Added constructor with date and size parameters to Container.Entity class.
Usage
Container.Entity class contains the following properties:
Property | Data type | Description |
Name | String | Name of the entity. Depending on container it contains a filename, a unified id, a sequence number etc. |
Path | ContainerPath | Instance of ContainerPath class that represents the path of entity in the container |
MediaType | String | Media type of the entity (or null if a media type isn't set) |
Date | DateTime? | Date of the entity (or null if a date isn't set). In most cases, it means "last modified" |
Size | Int64 | Size (in bytes) of the entity (or 0 if a size isn't set) |
The following containers support the extraction of date and size properties of an entity:
- EmailContainer
- ZipContainer
- PersonalStorageContainer
C#
// Create a container for zip-file
using (var c = new ZipContainer("data.zip")) {
// Iterate via entities
foreach (var e in c.Entities) {
Console.WriteLine("Name: " + e.Name); // name of the file (i.e. "document.pdf")
Console.WriteLine("Path: " + e.Path.ToString()); // path of the file in the container (i.e. "/contracts")

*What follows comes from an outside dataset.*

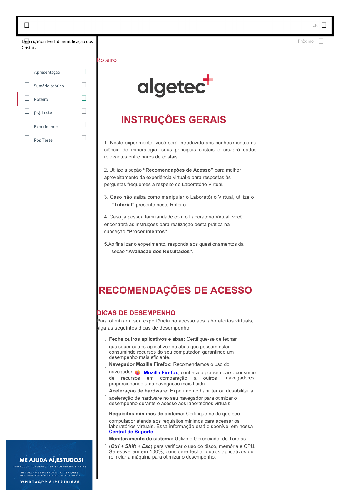 Roteiro INSTRUÇÕES GERAIS RECOMENDAÇÕES DE ACESSO 1. Neste experimento, você será introduzido aos conhecimentos da ciência de mineralogia, seus principais cristais e cruzará dados relevantes entre pares de cristais. 2. Utilize a seção “Recomendações de Acesso” para melhor aproveitamento da experiência virtual e para respostas às perguntas frequentes a respeito do Laboratório Virtual. 3. Caso não saiba como manipular o Laboratório Virtual, utilize o “Tutorial” presente neste Roteiro. 4. Caso já possua familiaridade com o Laboratório Virtual, você encontrará as instruções para realização desta prática na subseção “Procedimentos”. 5.Ao finalizar o experimento, responda aos questionamentos da seção “Avaliação dos Resultados”. Para otimizar a sua experiência no acesso aos laboratórios virtuais, siga as seguintes dicas de desempenho: Feche outros aplicativos e abas: Certifique-se de fechar quaisquer outros aplicativos ou abas que possam estar consumindo recursos do seu computador, garantindo um desempenho mais eficiente. Navegador Mozilla Firefox: Recomendamos o uso do navegador Mozilla Firefox, conhecido por seu baixo consumo navegadores,de recursos em comparação a outros proporcionando uma navegação mais fluida. Aceleração de hardware: Experimente habilitar ou desabilitar a aceleração de hardware no seu navegador para otimizar o desempenho durante o acesso aos laboratórios virtuais. Requisitos mínimos do sistema: Certifique-se de que seu computador atenda aos requisitos mínimos para acessar os laboratórios virtuais. Essa informação está disponível em nossa Central de Suporte. Monitoramento do sistema: Utilize o Gerenciador de Tarefas (Ctrl + Shift + Esc) para verificar o uso do disco, memória e CPU. Se estiverem em 100%, considere fechar outros aplicativos ou reiniciar a máquina para otimizar o desempenho. DICAS DE DESEMPENHO Roteiro Pré Teste Pós Teste Experimento Apresentação Sumário teórico DescriçãAon tee Irdioerntificação dos Cristais Próximo LR� � � � � � � � � � � � � � � � https://www.mozilla.org/pt-BR/firefox/new/ https://www.mozilla.org/pt-BR/firefox/new/ https://suporte-virtual.algetec.com.br/ https://suporte-virtual.algetec.com.br/ · · · · · · · · Cristal de quartzo branco; Cristal de quartzo rosa; Cristal de quartzo fumado; Cristal de quartzo rutilado; Ametista; Cristal de rocha; Olho de tigre; Citrino. Teste de velocidade de internet: Antes de acessar, realize um teste de velocidade de internet para garantir uma conexão estável e rápida durante o uso dos laboratórios virtuais. Atualizações do navegador e sistema operacional: Mantenha seu navegador e sistema operacional atualizados para garantir compatibilidade e segurança durante o acesso aos laboratórios. Em caso de dúvidas ou dificuldades técnicas, visite nossa Central de Suporte para encontrar artigos de ajuda e informações para usuários. Acesse a Central de Suporte através do link: https://suporte- virtual.algetec.com.br Se preferir, utilize os QR Codes abaixo para entrar em contato via WhatsApp ou ser direcionado para a Central de Suporte. Estamos aqui para ajudar! Conte conosco! PRECISA DE AJUDA? MATERIAIS NECESSÁRIOS DESCRIÇÃO DO LABORATÓRIO Roteiro Pré Teste Pós Teste Experimento Apresentação Sumário teórico DescriçãAon tee Irdioerntificação dos Cristais Próximo LR� � � � � � � � � � � � � � � � https://suporte-virtual.algetec.com.br/ https://suporte-virtual.algetec.com.br/ https://suporte-virtual.algetec.com.br/ https://suporte-contato.algetec.com.br/ https://suporte-virtual.algetec.com.br/ 1. PROCEDIMENTOS INSPECIONANDO O PAR DE CRISTAIS 1. Interaja com os cristais a direita da bandeja de cristais. Em seguida, tome anotações a respeito do que foi observado. 3. Siga para a seção “Avaliação dos Resultados” e responda de acordo com o que foi observado nos experimentos, associando também com os conhecimentos aprendidos sobre o tema. AVALIANDO OS RESULTADOS INSPECIONANDO O PAR DE CRISTAIS 2. RESPONDENDO O QUESTIONÁRIO NO TABLET Após fazer as anotações, responda o questionário localizado no ícone do tablet no canto superior direito da tela. Em seguida, repita o procedimento 1 e 2 para os outros pares de cristais. 2. Qual a relação entre mineral e cristal? 1. Defina com suas palavras o que é cristal? Inspecione os cristais localizado na parte direita da mesa clicando com obotão esquerdo do mouse sobre eles. TUTORIAL AVALIAÇÃO DOS RESULTADOS Roteiro Pré Teste Pós Teste Experimento Apresentação Sumário teórico DescriçãAon tee Irdioerntificação dos Cristais Próximo LR� � � � � � � � � � � � � � � � Em seguida, repita o procedimento 1 para os demais pares. Retorne a mesa clicando com o botão esquerdo do mouse sobre o cristal. Em seguida, inspecione o segundo cristal. Troque os pares de cristais clicando com o botão esquerdo do mouse sobre a bandeja de cristais. Roteiro Pré Teste Pós Teste Experimento Apresentação Sumário teórico DescriçãAon tee Irdioerntificação dos Cristais Próximo LR� � � � � � � � � � � � � � � � 2. RESPONDENDO O QUESTIONÁRIO NO TABLET Visualize o tablet clicando com o botão esquerdo do mouse no ícone com o nome “Tablet”. Responda o questionário. Em seguida, responda as perguntas referentes aos outros pares de cristais clicando com o botão esquerdo do mouse sobre a bandeja. Roteiro Pré Teste Pós Teste Experimento Apresentação Sumário teórico DescriçãAon tee Irdioerntificação dos Cristais Próximo LR� � � � � � � � � � � � � � � � Gere o relatório clicando com o botão esquerdo do mouse sobre o botão “Gerar relatório” e salve os dados encontrados. Siga para a seção “Avaliação dos Resultados” e responda de acordo com o que foi observado no experimento, associan

Console.WriteLine("Date: " + e.Date.ToString()); // date when the file was added to the archive
Console.WriteLine("Size: " + e.Size.ToString()); // uncompressed size of the file
}
}
Entities from ZipContainer also have CRC property:
Console.WriteLine("CRC: " + e[MetadataNames.Crc]);
Update parameters keys for PersonalStorageContainer
Description
Entities of PersonalStorageContainer class use MetadataNames class constants.
Public API changes
EmailSubject, EmailSender and EmailReceiver constants of PersonalStorageContainer class were marked as obsolete.
Usage
Use **MetadataNames.* **constants instead:
C#
// Use:
Console.WriteLine("Subject: ",
container.Entities[0][MetadataNames.Subject]);
Console.WriteLine("From: ",
container.Entities[0][MetadataNames.EmailFrom]);
Console.WriteLine("To: ",
container.Entities[0][MetadataNames.EmailTo]);
// Instead of:
Console.WriteLine("Subject: ",
container.Entities[0][PersonalStorageContainer.EmailSubject]);
Console.WriteLine("From: ",
container.Entities[0][PersonalStorageContainer.EmailSender]);
Console.WriteLine("To: ",
container.Entities[0][PersonalStorageContainer.EmailReceiver]);
Improve the performance of PDF text extractor
Description
The performance of PDF text extractor was improved.
Public API changes
Public API was not changed.
Usage
C#
// Create an instance of PDF text extractor
using (var extractor = new
PdfTextExtractor(stream)) {
//Set extraction mode to Fast text extraction
extractor.ExtractMode = ExtractMode.Simple;
//Extract a text from the document
Console.WriteLine(extractor.ExtractAll());
}
Implement the ability to extract a text from POP3 and IMAP mail servers
Description
This feature allows extracting emails from email servers using POP and IMAP protocols.
Public API changes
Added Host and Port properties to EmailConnectionInfo class.
Added CreatePopConnectionInfo and CreateImapConnectionInfo static methods to EmailConnectionInfo class.
Added Pop and Imap members to EmailConnectionType enumeration.
Usage
To retrieve a list of all emails **Entities **property is used:
C#
// Create connection info
var info = EmailConnectionInfo.CreatePopConnectionInfo(@"pop-mail.outlook.com", 995, "username", "password");
// Create an email container
using (var container = new EmailContainer(info)) {
// Iterate over emails
foreach(var entity in container.Entities) {
Console.WriteLine("Folder: " + entity.Path.ToString()); // A folder at server
Console.WriteLine("Subject: " + entity[MetadataNames.Subject]); // A subject of email
Console.WriteLine("From: " + entity[MetadataNames.EmailFrom]); // "From" address
Console.WriteLine("To: " + entity[MetadataNames.EmailTo]); // "To" addresses
}
}
To retrieve an email **OpenEntityStream **method is used:
C#
// Create connection info
var info = EmailConnectionInfo.CreatePopConnectionInfo(@"pop-mail.outlook.com", 995, "username", "password");
// Create an email container
using (var container = new EmailContainer(info)) {
// Iterate over emails
foreach(var entity in container.Entities) {
// Create a stream with content of email
var stream = container.OpenEntityStream(entity); // or var stream = entity.OpenStream();
// Create a text extractor for email
using(var extractor = new EmailTextExtractor(stream)) {
// Extract all the text from email
Console.WriteLine(extractor.ExtractAll());
}
}
}